The reason that we chose the permutation test despite the large sample sizes and greater computational requirements is that we wanted to ensure consistency across the various stratified analyses in that it would be free from any distributional assumptions. Differences in the trial type distributions is discussed in the Supplement section “Trial Type Composition changes between Window 1 and Window 2” and as can be seen in the figure, there is quite a bit of variation across the windows.

Level of significance

We have added text to the Methods with the level of significance.

Statistical software packages

The software package used for the Kaplan-Meier analysis is ggsurvfit v1.1.0 under R v4.2.3. The permutation test was implemented using a shuffling procedure from NumPy v1.24.2 under Python v3.10.13.

Log-rank test

Yes, this additional analysis would greatly clarify and quantify these results. We can see in Table 2 that most strata show agreement between the log-rank test and the 36-month permutation test, with three notable exceptions. ‘Funding: Other’ and ‘Phase: N/A’ have p-values very close to the alpha = 0.001threshold in the permutation test (p = 0.00048 and p = 0.00094 respectively) while showing no significance in the log-rank test (p = 0.432 and p = 0.137). ‘Purpose: Other’ presents a different pattern, showing clear significance in the permutation test (p = 0.0) but not in the log-rank test (p = 0.0257).

Both tests are useful as log-rank uses the entire event data rather than a single point in time, while the permutation test at 36 months represents the point in time when all applicable clinical trials should have submitted data whether or not they have been granted an extension.

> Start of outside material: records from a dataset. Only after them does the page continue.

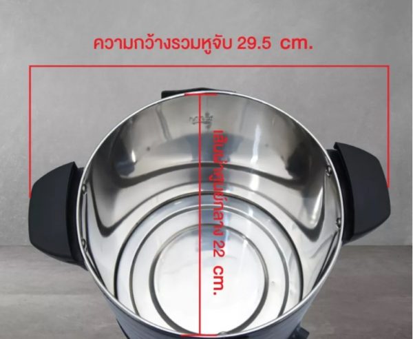 – มีหูจับ,ฝา และฐานถังต้มน้ำผลิตจากพลาสติก แข็งแรง ทนทานต่อความร้อน
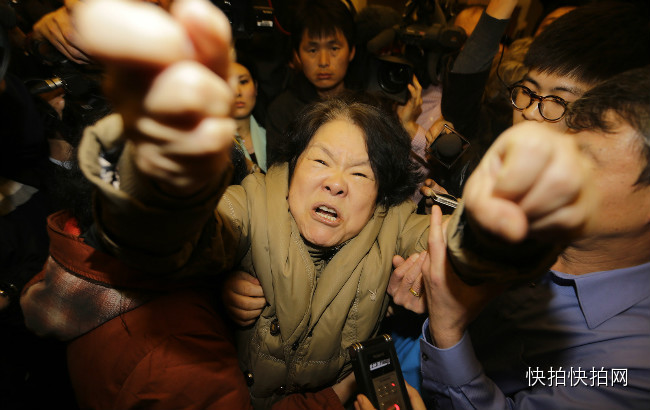 3月24日,北京丽都酒店,MH370乘客家属向一名记者绝望嘶吼。Jason Lee / Reuters
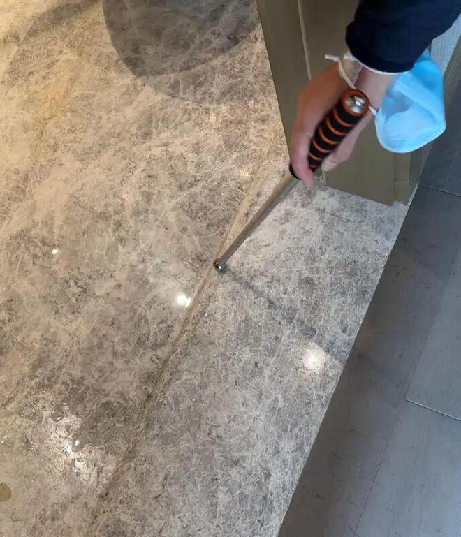 当天验房师刚进门,就发现进户门南侧的装饰钢板有划痕,门外的墙砖还裂了道缝。
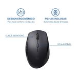 Você já se viu perdendo preciosos minutos enquanto o cursor do seu mouse parece ter vida própria, arrastando-se lentamente pelo monitor? Sabemos que a busca por um mouse sem fio confiável, confortável e eficiente pode ser uma tarefa árdua. Mas não se preocupe mais, pois apresentamos a você a solução definitiva para esses dilemas: o Mouse Sem Fio MS400 2400 DPI 6 Botões e Clique Silencioso Preto da Multi.Com um design ergonômico cuidadosamente idealizado, o Mouse Sem Fio MS400 se encaixa perfeitamente na sua mão, proporcionando horas de uso confortável e sem esforço. Seus cliques silenciosos garantem um ambiente tranquilo, permitindo que você se concentre no que realmente importa. E com a capacidade de ajustar o DPI entre 1600, 2000 e 2400 , você pode personalizar a sensibilidade do mouse de acordo com suas preferências, seja para tarefas precisas ou movimentos mais amplos.Imagina a praticidade de um mouse sem fio com alcance de até 10 metros, possibilitando maior flexibilidade e eliminação dos emaranhados de fios na sua área de trabalho. Graças à conexão 2.4GHz, a estabilidade é incomparável, proporcionando uma experiência suave e sem interrupções. E, para sua conveniência, incluímos uma pilha AA que garante uma incrível duração de até 12 meses, reduzindo a necessidade de trocas frequentes.A instalação não poderia ser mais fácil. Com o recurso Plug&Play, basta conectar e começar a usar, dispensando qualquer instalação adicional ou pareamento complicado. Além disso, a opção de desligar o mouse quando não estiver em uso economiza bateria, garantindo que ele esteja pronto para acompanhar você em todas as suas tarefas.5 Razões para Escolher o Mouse Sem Fio MS400: Seu Parceiro em Produtividade Design Ergonômico Premium: Sinta o conforto e a naturalidade de um mouse que se adapta perfeitamente à sua mão, reduzindo a fadiga durante longas sessões de trabalho ou diversão. Clique Silencioso: Mantenha a tranquilidade do seu ambiente enquanto desfruta de cliques suaves e silenciosos, sem sacrificar a eficiência. DPI Ajustável (1600/2000/2400): Domine sua precisão com a capacidade de ajustar o DPI, oferecendo controle total sobre a sensibilidade do mouse. Conexão Sem Fio Estável: Com alcance de até 10 metros e tecnologia 2.4GHz, desfrute de uma conexão sólida e confiável para uma experiência sem interrupções. Pilha de Longa Duração e Economia de Energia: Acompanhe suas atividades por até 12 meses com uma única pilha AA, e economize ainda mais energia com o modo de desligamento automático.Multi: Sua Escolha de Confiança para Acessórios de InformáticaQuando se trata de investir em acessórios de informática, você merece nada menos do que o melhor. A Multi tem uma reputação sólida e décadas de experiência no mercado de acessórios para informática. Nossos produtos são projetados para exceder as expectativas, oferecendo durabilidade, funcionalidade e inovação. O Mouse Sem Fio MS400 é a prova de nosso compromisso contínuo em fornecer produtos premium e exclusivos que elevam sua produtividade e experiência.Não perca mais tempo lutando com um mouse comum. Eleve seu conforto, produtividade e desempenho com o Mouse Sem Fio MS400 1600 DPI 6 Botões e Clique Silencioso Preto da Multi. Faça a escolha inteligente e adquira o seu hoje mesmo!Imagens meramente Ilustrativas
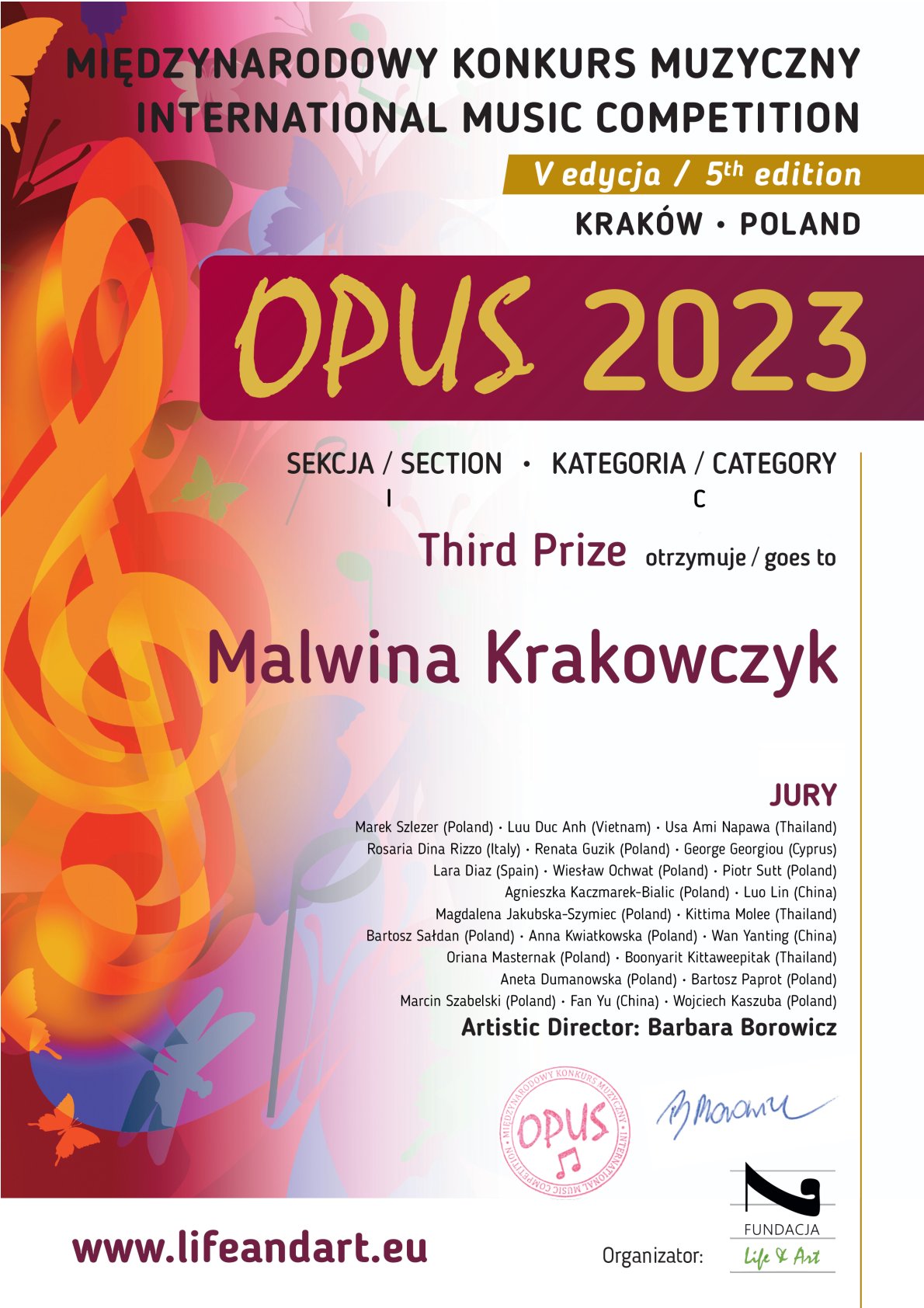 II NAGRODA – JAŚMINA ŚWISTAK z klasy dr hab. Anny Miech – kategoria A

Reporting of 95% CI intervals

We have added these to the supplement for Version 2 of the article.

Reporting of values

Regarding the use of a “+” prefix alongside “increase”, the choice to do this is more to emphasize that these values are changes in percentages (i.e., indicating the unit of the value) especially when they are next to other percentages values.

We have looked through the manuscript to ensure that all relevant reported values are rounded to 1 significant digit. Furthermore, this means that, for example when the text has 40.8% + 8.5% not adding up to 49.2%, this is because the actual values were 40.79% + 8.45% = 49.24%.

Clarification on the window selection

There is a timeline in the supplement, but to summarize, this was chosen to have a similar sized window to that of Anderson et al. (2015) and then have a long enough time to ensure that trials towards the end of the stop date can submit their result information.

Window 2 has fewer trials than Window 1

Window 2 has an additional criteria that is applied in order to more closely match the regulation which is that trials in Window 2 must also start after the rule effective date of Jan 18th 2017. Trials in Window 1 do not have this additional criteria as the publication of the rule was done in 2016.

In regards to ascertainment bias, the HLACTs (highly likely applicable clinical trials) are approximations of the actual ACT (applicable clinical trials). Since applicability is not fully public, we implement inclusion/exclusion criteria outlined in The Final Rule algorithmically to both study windows. (Apart from the initial date of the rule described above, the algorithm is consistent across both windows). The team manually verified sub-samples to ensure that the criteria were properly implemented. We compute confidence intervals to further assess sampling and selection bias to obtain robustness measurements.

Pseudocode

Pseudocode is a simplified, human-readable way of describing an algorithm without using actual programming language syntax. This enables technical and non-technical people to understand the logic of a program without the ambiguity of prose or extraneous implementation details.

To address any difficulties in reading pseudocode, funding source categorization is now explained in prose in the main part of the paper: “Trials are classified based on their funding sources in the following priority order…”.